Why We Can’t Always Learn from Our Losses

The late and great American learning psychologists have given us great insights into how people learn and how they forget. Perhaps the greatest contribution that psychologists like behaviorist B. F. Skinner made was to show us that most of our emotional responses are not innate but rather learned. As traders, we can learn a great deal about the learning process by studying what these eminent psychologists have discovered. The lessons learned to apply to all traders and all systems. Whether you are trading seasonals, cycles, fundamentals, or mechanical systems it is imperative that you learn from every loss you take. Losses are the tuition you pay for your education in the markets.

L. Thorndike was the “father” of American learning psychology. He was among the first to suggest that we learn emotional responses. He also noted that there are literally thousands of “wrong” behaviors we can learn and only a relatively few “right” behaviors.

How can we “unlearn” nonproductive or bad behaviors and replace them with productive, good behaviors? How can a trader overcome losing ways and replace them with winning ways? Can reward and punishment be used as motivators? Why? Do not we learn much from our trading losses? These are some of the important issues that learning psychologists can answer for us.

Thorndike pointed out that although parents and educators have used punishment for many years, it is only effective in specific circumstances and is virtually ineffective in teaching new behaviors when used alone. If I punish you every time you do a particular thing I do not like, you will stop doing that thing. However, you may still do many other things that I do not like.

I can punish you for each and every behavior I wish you to eliminate but my battle may be a life-long one akin to picking dandelions from my lawn without removing the roots. While some new behaviors may be taught with punishment, the use of rewards for appropriate behaviors gets faster, better, and longer-lasting results.

There are many ways to lose money in the markets, but there are only a few ways to make money. And there are even fewer ways to keep the money. While traders collectively spend millions of dollars every year attending seminars, buying books, tapes, and trading systems, they focus very little energy on learning the behaviors that will facilitate success. Why? Because the rules of trading systems, methods and indicators are very specific, often objective, and frequently require nothing more than rote memorization. In other words, they are easy to learn and easy to apply.

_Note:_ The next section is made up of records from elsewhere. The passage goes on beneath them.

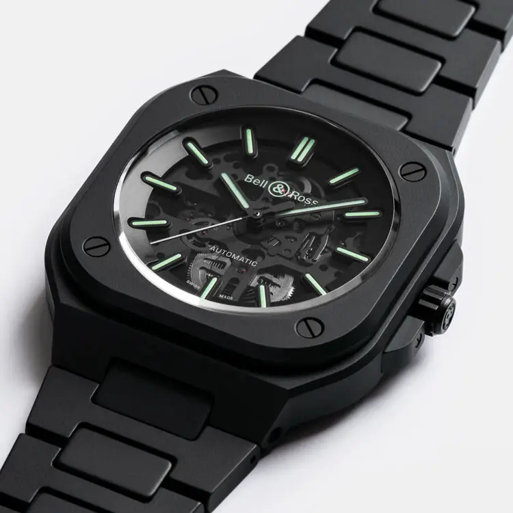 Die BR 05-Modelle werden in La Chaux-de-Fonds in der Schweiz hergestellt und kombinieren Präzisionsmechanik mit Automatikwerken und luxuriösen Materialien wie Edelstahl, Roségold, skelettierten Ausführungen und Keramik. Es gibt auch Varianten mit integriertem Stahlband, Kautschukarmband oder diamantbesetzten Details für einen noch markanteren Look.
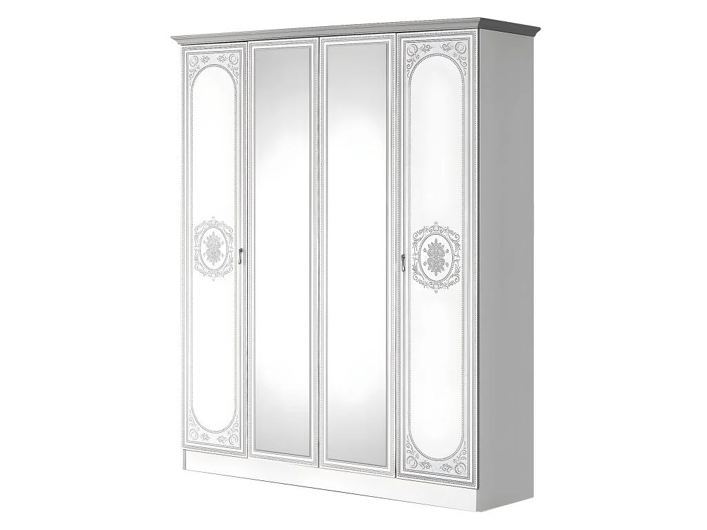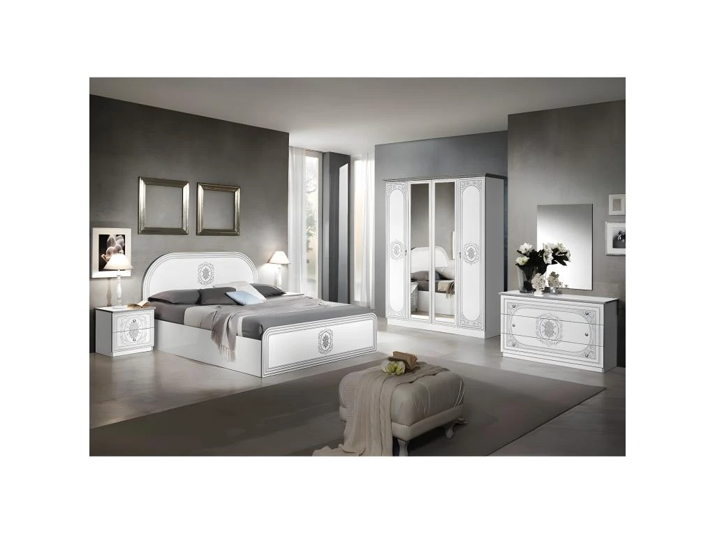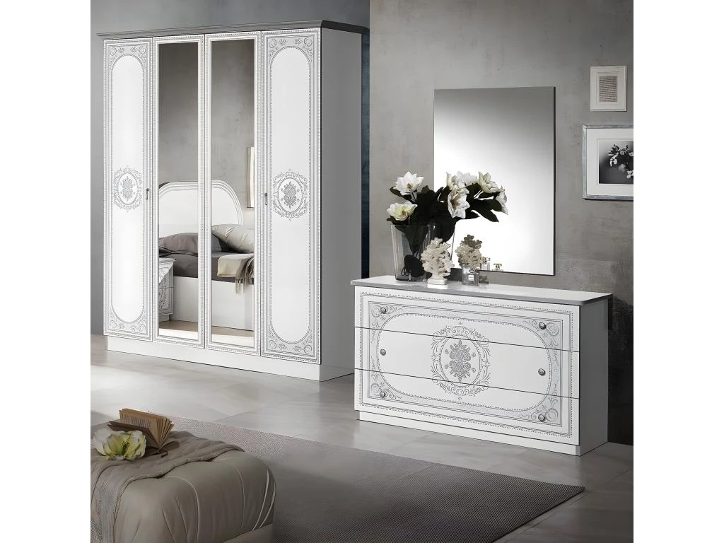 Structure en panneaux de particules Ep. 18mm, revĂȘtement en mĂ©laminĂ© blanc brillant. Champs et Corniche en mĂ©laminĂ© gris. 2 portes en panneaux de particules Ep. 18mm, revĂȘtement en mĂ©laminĂ© blanc, champs en mĂ©laminĂ© gris, motif arabesque sĂ©rigraphié argentĂ© et 2 portes miroirs. Dos en MDF. PoignĂ©es mĂ©talliques. CĂŽtĂ© droit : 3 tablettes de rangement. CĂŽtĂ© gauche : 1 tablette supĂ©rieure + 1 penderie.
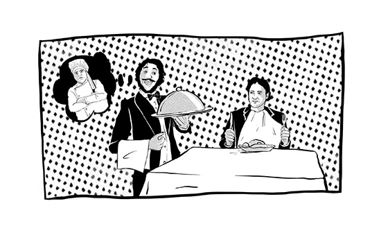 După cum v-ați dat seama până acum: toate exemplele sunt legate de mâncare pentru că sunt un gurmand și în timp am devenit un pasionat devorator de fripturi de vită. La fel ca toți începătorii care se respectă, inițial îmi plăcea ca friptura să fie foarte bine făcută. Apoi, ca un cunoscător în devenire am început să savurez fripturile prăjite mediu. Acum, imaginați-vă într-un restaurant respectabil. Chelnerul colaborează cu noi ca un profesionist. Comandăm friptura și când chelnerul ne întreabă cum o vrem, îi spunem "bine făcută". Chipul i se schimbă, zâmbetul lui pălește și o venă începe să salte jucăușă pe frunte. Pentru că acum el trebuie să meargă să-i paseze comanda Chef-ului. Durerea apare - știm cu toții - pentru că la bucătarul-șef, maximul acceptat este "mediu", iar "bine făcut" este o adevărată blasfemie.
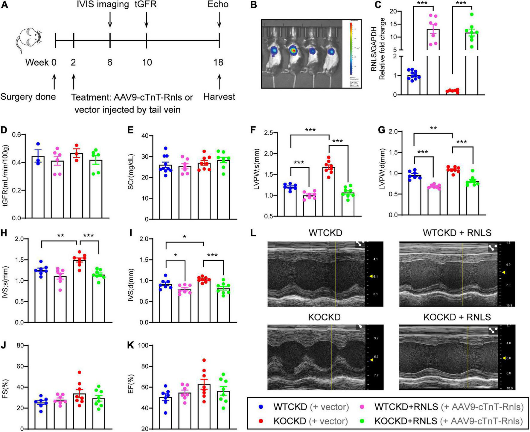 AAV9-cTnT-Rnls alleviated LVH hypertrophy in WTCKD and KOCKD mice. (A) Design of the experiment. WTCKD and KOCKD mice were injected with either AAV9-cTnT-Rnls or vector via tail vein at 2 weeks. The biodistribution of the virus was monitored by IVIS spectrum 4 weeks after injection (at 6 weeks). tGFR (ml/min/100 g) was detected at 10 weeks. Echocardiography was performed at 18 weeks, then mice were sacrificed. (B) Representative image using the in vivo Imaging System (IVIS) spectrum. A random representative was chosen from each group. (C) qPCR analysis of the mRNA expression of RNLS in the hearts. n = 6–10, ***p < 0.001. (D) tGFR measured by transdermal patch at 10 weeks. n = 3–6 per group. (E) Serum creatinine of CKD groups at 18 weeks. n = 6–8 per group. (F–K) Echocardiographic parameters, including LVPWs, LVPWd, IVSs, IVSd, FS, and EF at 18 weeks. WTCKD + vector group, n = 10; WTCKD + AAV9-cTnT-Rnls group, n = 7; KOCKD + vector group, n = 9; KOCKD + AAV9-cTnT-Rnls group, n = 8. Data were shown as mean ± SEM. *p < 0.05, **p < 0.01, ***p < 0.001. (L) Representative B-mode and M-mode echocardiographic images of each group. tGFR, transcutaneous glomerular filtration rate; LVPW, left ventricle posterior wall; IVS, interventricular septum; d, diastole; s, systole; FS, fractional shortening; EF, ejection fraction.
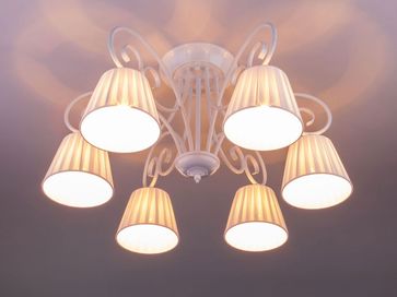 Потолочная люстра Severina 303/6 органично дополнит классический интерьер и подарит комфортное рассеянное освещение. Изящные завитки основания и текстильные абажуры создают элегантный образ модели.<br>
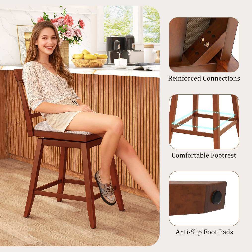 ● Solid Rubber Wood Frame: Supported by a sturdy rubber wood frame, the counter/bar height stools boast remarkable strength and longevity. The natural wood finish also contributes a warm, rustic charm to your space.
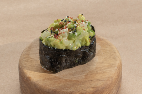 Gunkan Avocado Tuna Weight: 40 grams. Ingredients: tuna, avocado, spicy sauce, sesame, sesame oil. Soy sauce, wasabi and ginger are bought separately. Price 250 RSD Add to cart
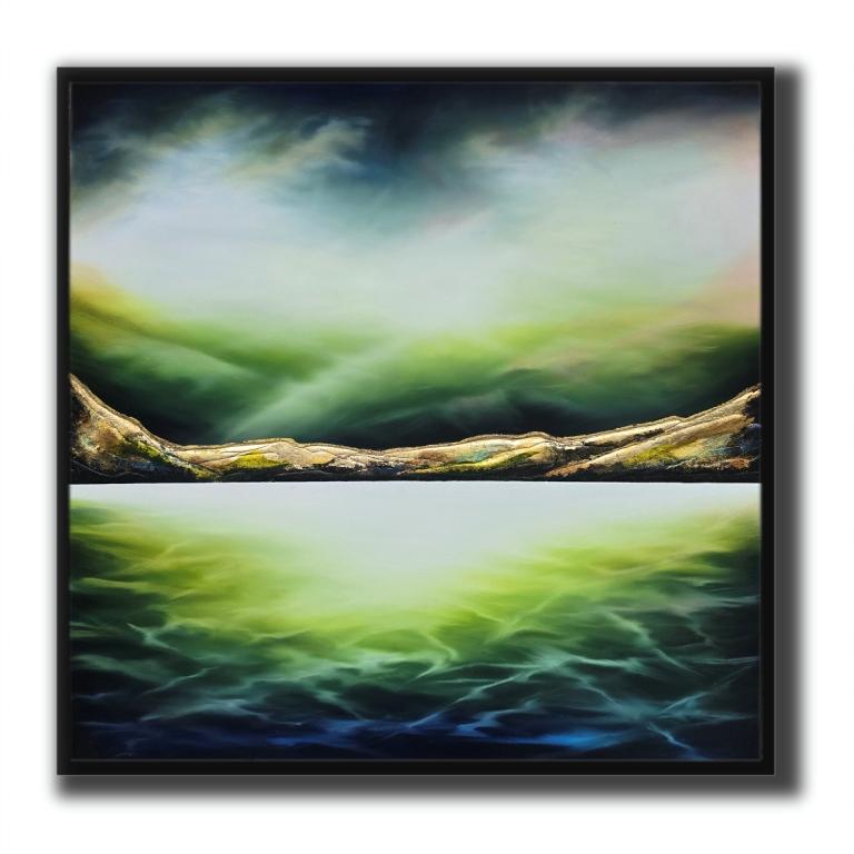 Medium: Gold-leaf, inks, impasto glazes on canvas. Float-framed in black timber. Ready to hang.
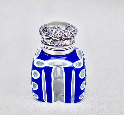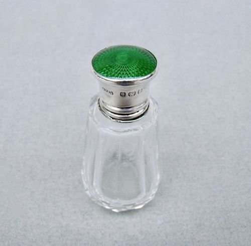 This unusual and rather elegant small Art Deco silver scent bottle is hallmarked for London 1921 and bears the marks of Henry Perkins & Sons. The panelled glass body fitted with a silver screw top lid. The lid inset with a vibrant green, sunburst pattern, glass cabochon. The neck with clear glass stopper.
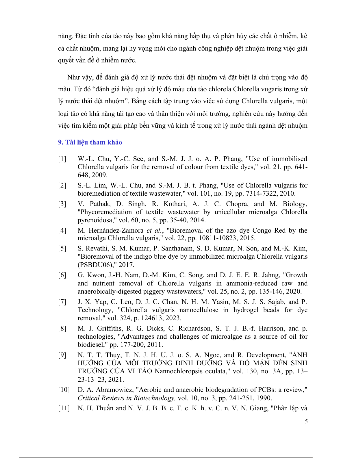 [12] N. T. Tuyền, "VI TẢO–MỘT GIẢI PHÁP TIỀM NĂNG CHO CÁC VẤN ĐỀ MÔI TRƯỜNG." 10.

If you trade without a plan, your chances of success are slim to none. Yes, you may be one of the lucky few who hit it big the first time, but the odds are minimal. Without a plan, you will find yourself buffeted about by the winds of chance, the opinions of others, the persuasion of newsletters and advisors, the pressures of fast-talking brokers and the bias of the media. Your responses will be whimsical. But the greatest danger is that you will not learn anything from your behavior.

This could mean that you are following a computerized trading system from a chart book, a newsletter, astrology, or a random number generator. Regardless of where the input comes from, it must be treated as relatively close as possible and as often as possible. What I recommend is that you employ a relatively mechanical trade entry system and a more flexible exit system. In other words, I advise against rigidity, against inflexibility in following any plan. But to stray from a play, you must have a plan at the outset.

Last word

There are various levels of adherence to a plan. Every trader must find his or her level of comfort in straying from the beaten path. Some traders feel uncomfortable with just a minor deviation from the course and others are able to tolerate wide variances in their plans. The final determinant must be your results in the marketplace.